▸ **TASK DESCRIPTION**: Determine how many lines in the material below contain the string "away", then state only that count.

▸ **RECORDED DATA**:

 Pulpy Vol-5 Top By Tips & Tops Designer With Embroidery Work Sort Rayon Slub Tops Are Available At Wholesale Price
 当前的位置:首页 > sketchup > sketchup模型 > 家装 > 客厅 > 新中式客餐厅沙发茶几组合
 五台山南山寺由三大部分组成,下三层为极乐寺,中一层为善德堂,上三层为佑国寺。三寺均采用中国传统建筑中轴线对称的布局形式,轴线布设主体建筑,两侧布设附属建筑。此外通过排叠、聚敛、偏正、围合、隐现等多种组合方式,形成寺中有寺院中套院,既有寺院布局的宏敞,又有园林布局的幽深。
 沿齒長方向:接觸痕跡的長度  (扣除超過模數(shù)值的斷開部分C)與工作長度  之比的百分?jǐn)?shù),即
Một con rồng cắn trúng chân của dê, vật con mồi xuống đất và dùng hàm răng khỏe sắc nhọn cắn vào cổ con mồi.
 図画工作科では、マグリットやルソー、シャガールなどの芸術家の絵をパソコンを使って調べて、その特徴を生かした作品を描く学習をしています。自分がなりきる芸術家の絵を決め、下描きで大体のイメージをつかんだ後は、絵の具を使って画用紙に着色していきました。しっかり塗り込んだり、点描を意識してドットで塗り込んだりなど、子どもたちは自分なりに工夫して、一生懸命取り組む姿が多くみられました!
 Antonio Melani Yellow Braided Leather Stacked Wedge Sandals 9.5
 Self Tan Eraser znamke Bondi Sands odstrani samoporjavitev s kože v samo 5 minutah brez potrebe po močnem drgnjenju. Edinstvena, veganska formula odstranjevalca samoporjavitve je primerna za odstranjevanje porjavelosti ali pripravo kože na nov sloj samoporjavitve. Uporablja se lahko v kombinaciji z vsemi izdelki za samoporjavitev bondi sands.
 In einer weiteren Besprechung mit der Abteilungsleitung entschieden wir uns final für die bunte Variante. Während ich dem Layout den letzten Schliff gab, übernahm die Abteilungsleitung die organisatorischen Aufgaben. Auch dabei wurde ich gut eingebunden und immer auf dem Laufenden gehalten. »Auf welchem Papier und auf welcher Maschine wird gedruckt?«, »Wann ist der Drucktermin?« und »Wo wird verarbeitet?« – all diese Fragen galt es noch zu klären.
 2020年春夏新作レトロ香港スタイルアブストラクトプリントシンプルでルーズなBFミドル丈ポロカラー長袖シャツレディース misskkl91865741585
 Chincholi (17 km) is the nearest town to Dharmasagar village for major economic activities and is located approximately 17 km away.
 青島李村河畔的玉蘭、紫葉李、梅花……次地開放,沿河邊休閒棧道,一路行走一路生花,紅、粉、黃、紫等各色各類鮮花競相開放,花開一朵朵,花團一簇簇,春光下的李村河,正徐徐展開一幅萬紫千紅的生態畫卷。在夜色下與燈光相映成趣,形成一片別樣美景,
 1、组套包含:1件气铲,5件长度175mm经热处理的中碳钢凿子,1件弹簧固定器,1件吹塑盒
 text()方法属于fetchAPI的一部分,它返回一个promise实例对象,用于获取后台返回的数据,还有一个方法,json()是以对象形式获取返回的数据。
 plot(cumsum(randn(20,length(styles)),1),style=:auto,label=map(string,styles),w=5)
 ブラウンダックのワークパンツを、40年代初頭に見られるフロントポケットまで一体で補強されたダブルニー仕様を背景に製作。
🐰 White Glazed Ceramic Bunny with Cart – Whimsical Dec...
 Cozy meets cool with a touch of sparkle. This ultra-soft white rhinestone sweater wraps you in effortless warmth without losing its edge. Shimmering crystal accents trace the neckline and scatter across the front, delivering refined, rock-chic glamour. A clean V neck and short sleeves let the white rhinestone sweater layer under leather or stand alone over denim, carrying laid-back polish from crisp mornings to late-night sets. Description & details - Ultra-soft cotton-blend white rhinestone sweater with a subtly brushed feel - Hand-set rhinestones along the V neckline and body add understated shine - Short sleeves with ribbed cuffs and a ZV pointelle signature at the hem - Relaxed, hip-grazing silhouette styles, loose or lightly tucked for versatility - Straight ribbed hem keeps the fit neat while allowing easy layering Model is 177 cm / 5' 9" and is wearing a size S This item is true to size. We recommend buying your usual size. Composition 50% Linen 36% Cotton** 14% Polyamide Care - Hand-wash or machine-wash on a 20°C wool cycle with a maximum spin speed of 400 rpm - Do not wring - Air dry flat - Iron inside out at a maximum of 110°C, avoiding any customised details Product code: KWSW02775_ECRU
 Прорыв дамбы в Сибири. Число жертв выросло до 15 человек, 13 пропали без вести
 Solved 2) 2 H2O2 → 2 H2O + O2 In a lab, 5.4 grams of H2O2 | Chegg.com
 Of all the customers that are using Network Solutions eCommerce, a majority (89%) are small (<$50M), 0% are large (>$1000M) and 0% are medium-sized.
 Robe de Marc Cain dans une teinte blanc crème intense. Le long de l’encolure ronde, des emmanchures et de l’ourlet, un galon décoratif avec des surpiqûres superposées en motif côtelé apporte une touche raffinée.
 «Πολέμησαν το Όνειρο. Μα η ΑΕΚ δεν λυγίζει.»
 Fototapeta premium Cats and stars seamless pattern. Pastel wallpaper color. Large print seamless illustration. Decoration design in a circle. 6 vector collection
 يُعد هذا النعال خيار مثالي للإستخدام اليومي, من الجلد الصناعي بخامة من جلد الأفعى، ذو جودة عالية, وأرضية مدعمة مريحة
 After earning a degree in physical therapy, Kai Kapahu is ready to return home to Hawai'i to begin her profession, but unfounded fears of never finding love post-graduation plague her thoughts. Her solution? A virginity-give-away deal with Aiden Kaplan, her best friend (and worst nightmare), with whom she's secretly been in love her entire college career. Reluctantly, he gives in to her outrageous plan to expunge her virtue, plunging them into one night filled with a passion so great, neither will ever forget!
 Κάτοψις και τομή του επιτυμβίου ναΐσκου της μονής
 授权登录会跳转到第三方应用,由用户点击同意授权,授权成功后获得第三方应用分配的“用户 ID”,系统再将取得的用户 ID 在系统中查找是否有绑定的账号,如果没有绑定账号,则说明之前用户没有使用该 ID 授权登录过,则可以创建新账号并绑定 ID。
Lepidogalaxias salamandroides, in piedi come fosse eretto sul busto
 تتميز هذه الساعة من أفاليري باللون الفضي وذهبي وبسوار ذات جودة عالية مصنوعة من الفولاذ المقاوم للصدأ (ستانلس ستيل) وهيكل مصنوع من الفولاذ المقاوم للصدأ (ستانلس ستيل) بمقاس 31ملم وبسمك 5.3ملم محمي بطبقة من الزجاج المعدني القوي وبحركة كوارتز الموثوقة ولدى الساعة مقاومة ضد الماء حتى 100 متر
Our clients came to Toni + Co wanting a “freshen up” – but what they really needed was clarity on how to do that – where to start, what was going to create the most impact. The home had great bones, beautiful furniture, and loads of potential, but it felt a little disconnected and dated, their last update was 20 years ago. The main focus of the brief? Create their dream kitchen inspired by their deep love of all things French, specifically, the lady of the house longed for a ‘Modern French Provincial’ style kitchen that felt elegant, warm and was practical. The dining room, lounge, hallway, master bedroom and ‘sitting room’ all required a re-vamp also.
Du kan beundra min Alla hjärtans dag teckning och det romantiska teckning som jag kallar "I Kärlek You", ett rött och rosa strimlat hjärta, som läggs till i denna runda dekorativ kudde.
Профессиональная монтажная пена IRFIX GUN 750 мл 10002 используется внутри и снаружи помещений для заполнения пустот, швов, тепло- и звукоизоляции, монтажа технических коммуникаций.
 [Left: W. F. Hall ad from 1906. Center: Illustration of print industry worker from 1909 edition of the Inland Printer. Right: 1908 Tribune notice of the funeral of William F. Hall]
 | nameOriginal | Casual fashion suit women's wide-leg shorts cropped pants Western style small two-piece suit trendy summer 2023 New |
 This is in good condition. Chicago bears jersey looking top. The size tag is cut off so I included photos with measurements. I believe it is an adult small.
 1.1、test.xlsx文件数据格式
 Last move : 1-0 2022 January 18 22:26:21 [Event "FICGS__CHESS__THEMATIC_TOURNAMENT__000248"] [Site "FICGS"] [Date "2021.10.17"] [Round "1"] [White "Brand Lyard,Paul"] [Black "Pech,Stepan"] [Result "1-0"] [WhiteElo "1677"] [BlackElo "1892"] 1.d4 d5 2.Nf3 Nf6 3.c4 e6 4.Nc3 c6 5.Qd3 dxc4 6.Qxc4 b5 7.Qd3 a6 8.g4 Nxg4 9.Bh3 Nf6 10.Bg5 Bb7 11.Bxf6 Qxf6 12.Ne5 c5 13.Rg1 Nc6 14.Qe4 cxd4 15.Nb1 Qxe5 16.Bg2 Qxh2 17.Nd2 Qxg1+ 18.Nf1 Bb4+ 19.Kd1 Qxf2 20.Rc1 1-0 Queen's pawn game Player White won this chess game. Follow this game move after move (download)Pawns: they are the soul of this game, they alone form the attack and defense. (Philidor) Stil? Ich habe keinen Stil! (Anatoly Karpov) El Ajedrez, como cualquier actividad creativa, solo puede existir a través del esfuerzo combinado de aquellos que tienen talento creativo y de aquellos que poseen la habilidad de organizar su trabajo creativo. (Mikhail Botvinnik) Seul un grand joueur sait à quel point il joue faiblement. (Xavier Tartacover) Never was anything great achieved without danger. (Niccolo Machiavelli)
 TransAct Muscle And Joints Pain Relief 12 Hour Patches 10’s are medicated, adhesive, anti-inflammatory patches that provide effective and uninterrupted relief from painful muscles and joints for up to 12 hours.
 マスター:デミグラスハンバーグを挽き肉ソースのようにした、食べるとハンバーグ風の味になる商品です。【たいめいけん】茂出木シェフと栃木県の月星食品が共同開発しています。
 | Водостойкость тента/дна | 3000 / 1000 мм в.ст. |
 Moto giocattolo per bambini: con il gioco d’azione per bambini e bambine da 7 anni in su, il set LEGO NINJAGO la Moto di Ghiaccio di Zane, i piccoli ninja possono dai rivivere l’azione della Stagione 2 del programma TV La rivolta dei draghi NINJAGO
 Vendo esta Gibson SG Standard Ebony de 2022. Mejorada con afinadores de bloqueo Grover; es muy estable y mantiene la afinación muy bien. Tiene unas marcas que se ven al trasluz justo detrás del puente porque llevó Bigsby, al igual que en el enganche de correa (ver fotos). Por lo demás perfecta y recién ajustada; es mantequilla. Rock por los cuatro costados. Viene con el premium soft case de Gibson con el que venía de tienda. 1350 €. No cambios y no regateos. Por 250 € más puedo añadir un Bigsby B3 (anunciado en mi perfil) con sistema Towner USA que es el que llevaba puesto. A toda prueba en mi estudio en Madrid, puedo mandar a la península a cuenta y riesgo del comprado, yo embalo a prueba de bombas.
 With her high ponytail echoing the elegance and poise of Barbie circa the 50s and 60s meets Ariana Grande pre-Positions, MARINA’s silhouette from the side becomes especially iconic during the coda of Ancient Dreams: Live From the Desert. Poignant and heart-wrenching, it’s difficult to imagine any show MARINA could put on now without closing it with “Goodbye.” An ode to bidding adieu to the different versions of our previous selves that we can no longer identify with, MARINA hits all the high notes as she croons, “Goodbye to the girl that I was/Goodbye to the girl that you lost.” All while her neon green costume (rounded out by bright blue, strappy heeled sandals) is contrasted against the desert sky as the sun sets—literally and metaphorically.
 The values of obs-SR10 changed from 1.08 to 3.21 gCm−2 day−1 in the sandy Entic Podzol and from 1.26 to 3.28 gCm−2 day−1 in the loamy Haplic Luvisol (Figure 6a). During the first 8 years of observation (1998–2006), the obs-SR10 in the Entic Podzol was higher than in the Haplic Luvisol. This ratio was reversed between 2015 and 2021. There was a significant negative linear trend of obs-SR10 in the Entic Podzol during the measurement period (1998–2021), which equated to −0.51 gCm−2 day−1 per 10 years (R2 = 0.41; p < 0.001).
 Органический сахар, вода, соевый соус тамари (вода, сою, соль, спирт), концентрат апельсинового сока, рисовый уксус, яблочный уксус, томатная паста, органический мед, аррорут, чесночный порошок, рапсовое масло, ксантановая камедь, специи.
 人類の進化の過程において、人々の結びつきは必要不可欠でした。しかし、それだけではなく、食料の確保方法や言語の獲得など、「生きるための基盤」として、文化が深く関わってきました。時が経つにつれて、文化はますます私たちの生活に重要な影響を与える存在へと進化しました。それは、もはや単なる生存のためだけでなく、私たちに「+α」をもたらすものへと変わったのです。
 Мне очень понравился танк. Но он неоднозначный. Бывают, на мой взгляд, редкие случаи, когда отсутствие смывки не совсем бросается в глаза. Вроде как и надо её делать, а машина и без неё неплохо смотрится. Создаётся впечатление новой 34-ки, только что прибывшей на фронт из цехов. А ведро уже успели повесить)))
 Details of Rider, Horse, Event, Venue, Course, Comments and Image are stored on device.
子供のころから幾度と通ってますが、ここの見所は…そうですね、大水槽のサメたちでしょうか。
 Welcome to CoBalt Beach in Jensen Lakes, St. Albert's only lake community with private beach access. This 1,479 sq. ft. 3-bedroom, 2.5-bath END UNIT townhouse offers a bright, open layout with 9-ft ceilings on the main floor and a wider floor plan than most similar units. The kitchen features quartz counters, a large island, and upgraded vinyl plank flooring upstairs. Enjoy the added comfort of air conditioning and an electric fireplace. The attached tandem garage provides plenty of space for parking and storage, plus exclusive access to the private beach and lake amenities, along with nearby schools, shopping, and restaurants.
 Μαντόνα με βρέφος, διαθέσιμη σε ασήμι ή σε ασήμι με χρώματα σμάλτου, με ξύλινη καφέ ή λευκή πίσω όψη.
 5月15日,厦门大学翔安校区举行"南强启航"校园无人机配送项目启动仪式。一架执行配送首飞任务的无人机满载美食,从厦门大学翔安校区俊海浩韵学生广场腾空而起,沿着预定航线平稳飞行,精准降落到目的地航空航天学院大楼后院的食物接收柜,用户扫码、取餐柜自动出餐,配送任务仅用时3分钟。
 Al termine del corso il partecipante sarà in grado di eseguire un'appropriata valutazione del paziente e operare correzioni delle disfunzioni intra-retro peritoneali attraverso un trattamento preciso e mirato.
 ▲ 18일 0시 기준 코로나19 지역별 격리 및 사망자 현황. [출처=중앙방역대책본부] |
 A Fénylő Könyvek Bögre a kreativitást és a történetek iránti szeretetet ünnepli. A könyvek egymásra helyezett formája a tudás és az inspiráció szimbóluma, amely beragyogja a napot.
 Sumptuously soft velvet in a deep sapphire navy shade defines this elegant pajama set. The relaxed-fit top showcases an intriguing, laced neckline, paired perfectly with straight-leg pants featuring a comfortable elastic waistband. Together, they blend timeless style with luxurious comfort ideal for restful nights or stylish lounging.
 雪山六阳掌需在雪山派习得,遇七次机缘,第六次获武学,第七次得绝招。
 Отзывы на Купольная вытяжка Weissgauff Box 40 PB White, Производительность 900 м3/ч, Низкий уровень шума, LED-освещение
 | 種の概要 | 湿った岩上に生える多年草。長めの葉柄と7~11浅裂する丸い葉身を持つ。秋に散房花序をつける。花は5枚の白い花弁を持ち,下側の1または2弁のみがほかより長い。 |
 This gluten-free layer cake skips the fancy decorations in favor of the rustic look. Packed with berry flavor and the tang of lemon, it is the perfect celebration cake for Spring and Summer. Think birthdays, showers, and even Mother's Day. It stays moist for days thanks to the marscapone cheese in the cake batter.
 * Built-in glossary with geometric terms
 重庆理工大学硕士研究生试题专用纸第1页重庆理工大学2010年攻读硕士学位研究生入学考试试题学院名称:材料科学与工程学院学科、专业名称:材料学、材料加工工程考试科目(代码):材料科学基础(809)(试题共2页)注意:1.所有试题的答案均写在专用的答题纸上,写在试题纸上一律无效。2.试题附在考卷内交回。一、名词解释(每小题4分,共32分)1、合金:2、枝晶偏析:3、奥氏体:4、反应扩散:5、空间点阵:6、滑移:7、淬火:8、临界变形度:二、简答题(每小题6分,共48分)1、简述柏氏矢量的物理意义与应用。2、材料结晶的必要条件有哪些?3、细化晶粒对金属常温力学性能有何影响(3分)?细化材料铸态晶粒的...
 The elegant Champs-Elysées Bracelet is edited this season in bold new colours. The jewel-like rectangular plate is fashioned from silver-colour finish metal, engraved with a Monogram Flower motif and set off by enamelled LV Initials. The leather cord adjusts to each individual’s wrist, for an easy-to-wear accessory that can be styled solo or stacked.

▸ **FINAL ANSWER**: 2